Washington -- The Pentagon's latest strategic review marks the third time in the past six years that the Defense Department has tried to adjust its strategy, its budget and the strength of the armed forces to the post-cold war world. But this review, unveiled this week, is essentially an endorsement of the status quo, just as the two previous efforts were.
For the United States to protect its interests and maintain its credibility, the Pentagon planners assert, it must continue to support a strategy that will allow it to fight two large regional wars at the same time.
"If the United States were to forgo its ability to defeat aggression in more than one theater at a time," the report says, "our standing as a global power, as the security partner of choice and the leader of the international community would be called into question."
Called into question by whom and why?
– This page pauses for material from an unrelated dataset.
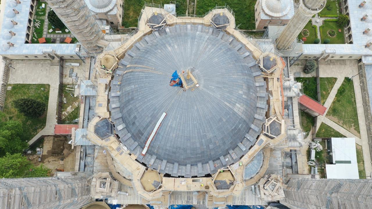 Kubbenin güçlendirilmesinin ardından kurşun kaplamaları sökülerek yenileriyle değiştirildi.

The Bush Administration adopted the two-war strategy in 1991. But our experiences in Korea, Vietnam and the Persian Gulf demonstrated that the United States doesn't need to be able to fight two wars at once. In 1969, at the height of the cold war and the Vietnam War, the Nixon Administration believed the United States was secure enough to adopt a strategy requiring it to be ready to fight only one and a half wars simultaneously.
Because of its current insistence on the two-war strategy, the Pentagon argues that we need no cuts in the number of ground divisions, Air Force fighter wings and aircraft-carrier battle groups. The Pentagon blueprint presumes wars against Iraq and North Korea. But surely Iraq and North Korea do not pose the same threat now as they once did.
Even the Pentagon's own war games -- which assume a North Korean soldier is as effective as an American soldier and more effective than a South Korean one -- cannot justify a need for more than eight Army divisions.
Yet the Pentagon's report, called the Quadrennial Defense Review, insists on 10 divisions.
Since January 1994, President Clinton and Congress have added more than $100 billion to military spending that was deemed necessary in the Pentagon's last review in 1993. The most recent deal between the President and the Republican Congress calls for spending nearly $1.4 trillion between 1998 and 2002, about $17 billion more than the Republicans proposed last year.
Already, the United States spends more than all of its prospective enemies combined. Yet according to the Quadrennial Defense Review, the Pentagon needs more money -- at least $10 billion a year more to meet its goal of $60 billion a year just for new weapons. But the report does not explain why we must increase spending on research, development and procurement of weapons by 50 percent. We already spend 40 percent more in these areas than all of our allies combined, 75 percent more than either Russia or China do and 90 percent more than Iraq and North Korea together.
After the Korean War, the Eisenhower Administration reduced military spending significantly and changed both its war strategy and the structure of the armed forces. The Nixon Administration took similar actions after the Vietnam War.
The Pentagon's review offered an opportunity to reshape the military to address the new challenges to American security in the 21st century.
But that opportunity has been squandered.
A better approach would have called for the United States to be able to fight one large war while handling smaller peacekeeping operations elsewhere, with a weapons budget sufficient to maintain our technological edge. This could easily be accomplished with a Pentagon budget that saves at least $100 billion between now and 2002.
If the three-strikes rule were applied to the Pentagon planners behind the Quadrennial Defense Review, they would be out. Maybe it's time to follow House Speaker Newt Gingrich's advice and shrink the Pentagon to a triangle.
Lawrence J. Korb, a senior fellow at the Brookings Institution, was
an Assistant Secretary of Defense in the Reagan Administration.